Saturday, July 2, 2011

The 14th Amendment can solve the debt limit default crisis

According to Senator Chuck Schumer (D-NY), there has been private discussion of the possibility that section 4 of the 14th Amendment authorizes the President to avoid default on the government's debt in the absence of Congressional legislation to raise the debt limit. However, "It's worth exploring next time around," Schumer said. "But it hasn't been examined enough to deploy it this time."

I believe it would be wise, however, to "deploy" this idea as a more openly discussed possibility sooner rather than later to reduce financial markets anxiety and to be prepared for its actual application in the event it becomes necessary.

One problem that may be holding Sen. Schumer back is that he seems to expect the Amendment to be taken as authorization for the President to issue new debt in order to roll over the old -- and I would agree that that proposition is problematic. It is not clear that the Amendment authorizes the issuance of new debt. The sounder idea, I propose, would be to issue no new debt but to simply make scheduled debt payments by Treasury issued checks, justifying check overdrafting as being required by the 14th Amendment.

These checks would be honored by banks U.S. and foreign if they knew they would be honored when presented, in turn, to the Federal Reserve Bank. The Fed would have no choice, however, but to do so.

In the first place, the Fed as much as the President is required to uphold the Constitution. It would violate the 14th Amendment for the Fed to put in question the validity of the government's debt by refusing payments.

Secondly, it would be a global financial disaster if it refused.

Furthermore, incoming funds would be available to pay some of the debt payment checks but the Fed would have no fair way to decide which payments would be so covered and which would not. It might choose to not formally pay and collect at first only on the debt it holds itself, deeming the rest to be covered, but after that it would have to pay on it all.
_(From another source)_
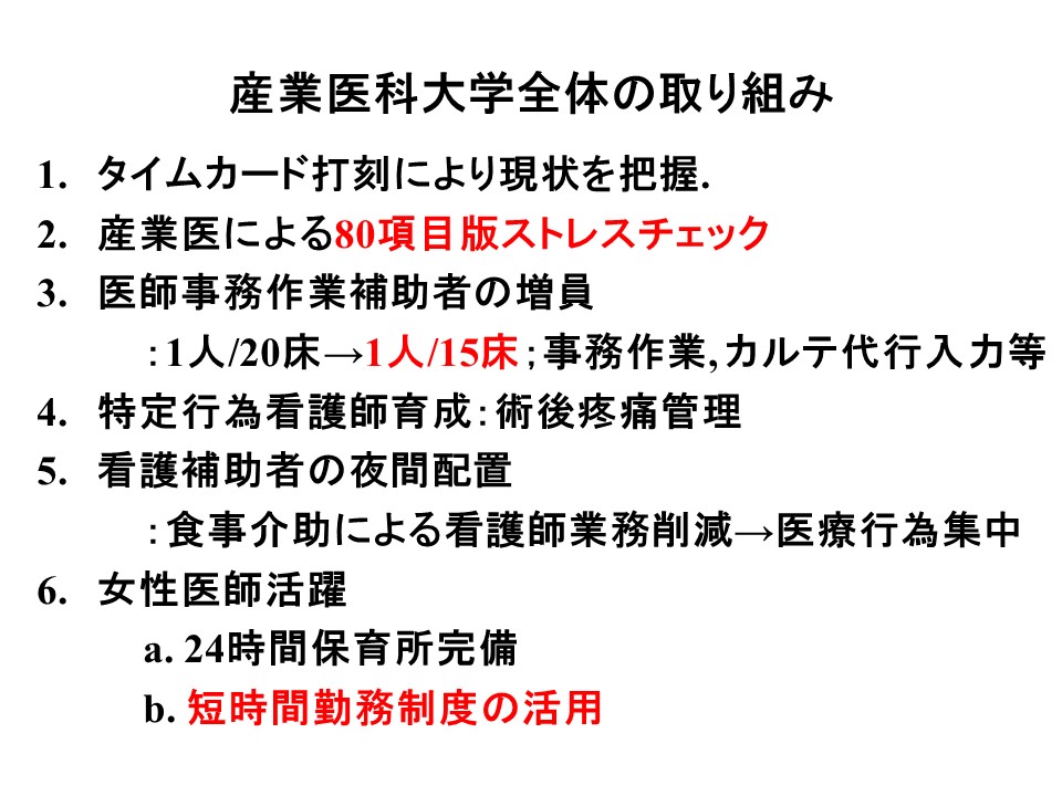 ・快適職場形成に向け、医療機関として時間外労働削減のための具体的対応手段と80項目版ストレスチェックを活用した労働監査

Finally, extinguishing the government's debt by paying off on it with created funds is what the Fed has already been doing anyhow with "QE1" and "QE2"-- the only operational difference is that it would be paying as the debt came due instead of buying it in ahead of time.

What I am suggesting does not completely avoid a government "shutdown" since new funds above the debt limit are not borrowed to keep programs going. However, debt paid off at the Fed would permit issuing of replacement debt still under the debt limit. The procedure I am suggesting is only a way to avoid defaulting on already issued debt and to help maintain some minimal government services. The government is in too much debt. My suggestion does not solve the debt crisis -- only the default aspect of the debt limit crisis.

UPDATE: David Frum at CNN does a fine job of explaining how the President has negotiated like a chump -- and goes on to explain the "new debt issue" problem with using the 14th Amendment. Obviously he didn't read my post.